Oleksiy Skrypnyk initiated the modernization of the legislative procedure of the Ukrainian parliament, computerization and introduction of e-governance. He was also concerned with cyber security of the state.

=== National Security ===
As Deputy Chairman of the Permanent Delegation to the NATO Parliamentary Assembly and a member of the Ukrainian Inter-parliamentary NATO-Ukraine Council, Oleksiy Skrypnyk was avidly lobbying the USA and other Western countries to supply lethal weapons to Ukraine in the course of its anti-terrorist operation in the East. Also, he supported the prospect of NATO membership for Ukraine. He was collaborating with experts and with a group of MPs on military doctrine and laws on public-private partnerships in the military sphere.

=== Energetics ===
Skrypnyk specialized in the energy sector, where he worked for more than 14 years.

=== Science and education ===
As deputy chairman of the Verkhovna Rada of Ukraine on Science and Education, Skrypnyk was concerned with IT education and science issues in general. In particular, he proposed educational reform, which would abolish Computer Literacy lessons, introducing instead courses on programming for high school students.

== Initiatives ==

=== Commission for the Future ===
Temporary special "Commission for the Future" of the Verkhovna Rada of Ukraine was established on April 22, 2015. The Commission was created "to develop and promote innovative development strategy for Ukraine based on public and social priorities, of science and technology, and assessment of their impact on the harmonious development of the state".

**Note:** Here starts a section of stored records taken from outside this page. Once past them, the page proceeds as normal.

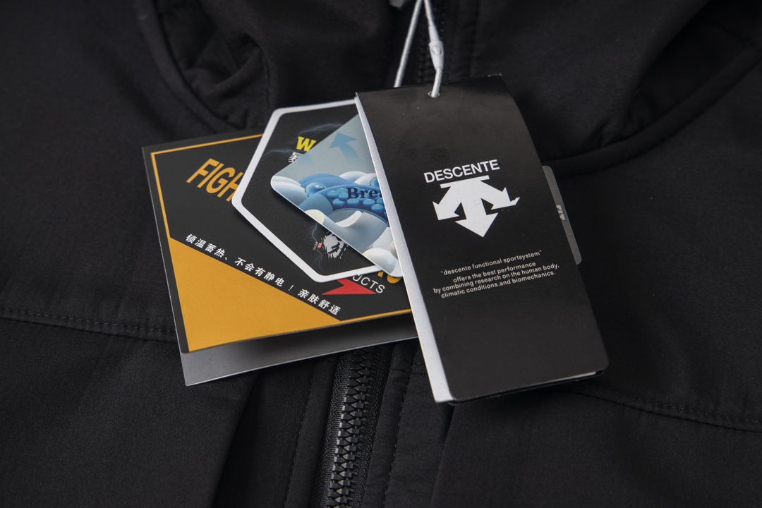这款衣服是AAAAA 1:1 质量 (非常棒). 使用了和原版一模一样的材料. 商标部分也保持了和Descente一样. 图片拍摄是实物衣服拍摄, 您所收到的实物保证和我们图片一模一样.
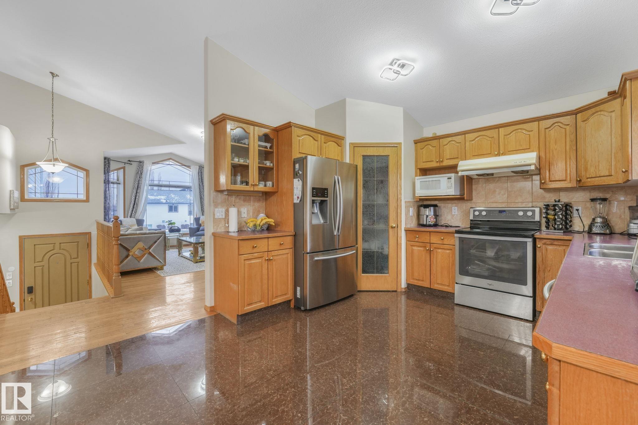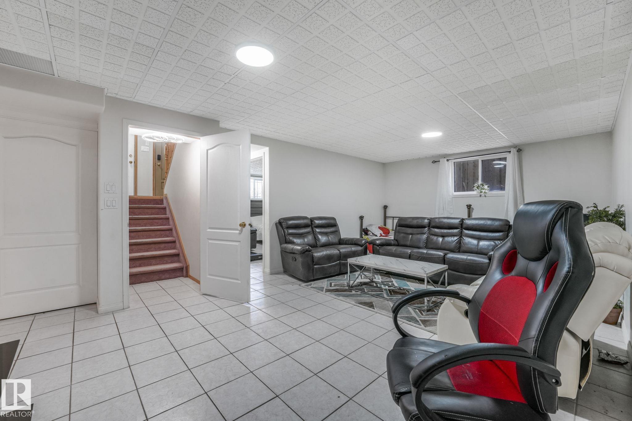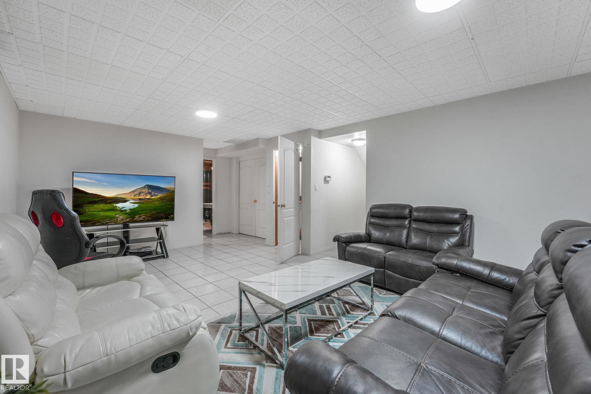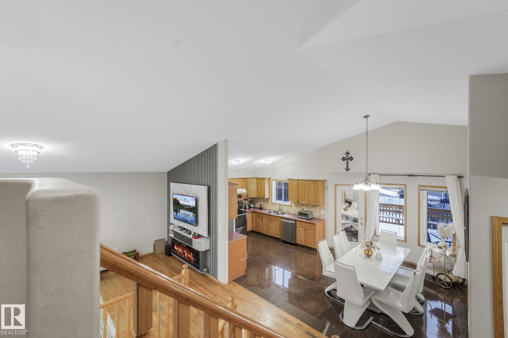 STUNNING Bi-level in Miller! This 5 bed/3 bath home features VAULTED ceilings, dbl attached garage, 3 storage sheds, EXTENDED DRIVEWAY & ample street pkg. Main flr offers a bright living room anchored by a custom architectural media wall w/ vertical slats, marble-inspired surround, floating cabinetry, wall-mounted TV, modern linear ELECTRIC FIREPLACE, & spacious dining area w/ access to a LARGE north-facing DECK. Well-equipped kitchen w/ ample cabinetry, tile backsplash, NEW STAINLESS STEEL appliances(2024), & walk-in pantry. Two bedrooms & 3 pce bath complete main lvl. The HUGE upper-lvl primary bedroom has walk-in closet & 4-pce ensuite. Bsmt w/ large family room, 2 addt'l bedrooms, & 3-pce bath. Fully fenced yard, close to schools, shopping, parks, transit, & Henday. Bsmt comes w/separate thermostats, water filter, IN-FLOOR HEATING, tankless water heater, & NEW ROOF (2024). All new light fixtures & remote-controlled round LED ceiling light throughout & high gloss ceramic tile floors. Welcome home!
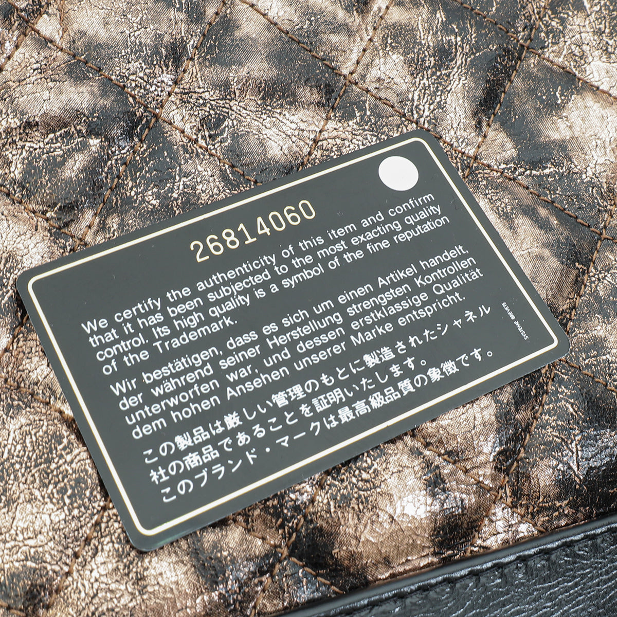 - Material: Black/Bronze Quilted Calfskin Leather
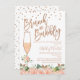 Este chá de panela de brunch e borboleta apresenta dois arranjos florais de aquarela em tons de pêssego e um copo de champanhe alto e elegante em uma textura de ouro falso rosa e cor d'água cor de pêssego. O título encontra-se também em ouro rosa falso e faz parte da imagem. Este simples, mas elegante chá de panela e espumante está pronto para ser personalizado.
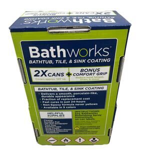 The Bathworks Bathtub Refinishing Kit includes 2 spray cans of white refinishing spray, covering an area of approximately 120 square feet. This product, from the brand BATHWORKS, allows for easy application with its spray method, making it a convenient solution for rejuvenating your bathtub. The kit provides everything needed to quickly and effectively update the appearance of your bathtub, providing a professional finish with ease. Thank you for shopping with Integrity Sales. L.
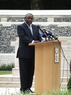 The ceremony on Sunday was officiated by the South African Deputy President Cyril Ramaphosa. The centrepiece was the re-interment of Beleza Myengwa of the Labour Corps at Delville Wood. This is intended as an acknowledgment of the sacrifices made by non-white South Africans during World War 1 and to act as a symbol of reconciliation and nation building.

Oleksiy Skrypnyk, MP was the chairman of the "Commission for the Future". The commission also includes:

Victor Vovk ("Radical Party of Oleh Lyashko");

Victor Galasyuk ("Radical Party Oleg Lyashko");

Victoria Voytsitska ("Samopomich Union");

Alexander Dombrowski ("Petro Poroshenko Bloc");

Svetlana Zalishchuk ("Petro Poroshenko Bloc");

Oleksiy Mushak ("Petro Poroshenko Bloc")

Lily Grinevich ("Narodnyi Front");

George Lohvynskyy ("Narodnyi Front");

Ivan Kyrylenko (VO "Fatherland").

The Commission in total has 11 members, representatives of all coalition factions. Every six months the Commission will prepare a report and announce it at the session of Parliament. Similar commissions exist in most parliaments of European countries.

== Personal life and death ==
Skrypnyk's father, Oleksiy Ivanovich, is a professor, and programmer with 40 years of experience, and co-founder of ELEKS. Mother, Skrypnyk Evgeniia is an electrical engineer, co-founder of ELEKS.

Skrypnyk was married. He had four sons and a daughter. In his spare time, he enjoyed running, swimming, yachting and cycling. He died of a blood clot on 23 February 2022, at the age of 57.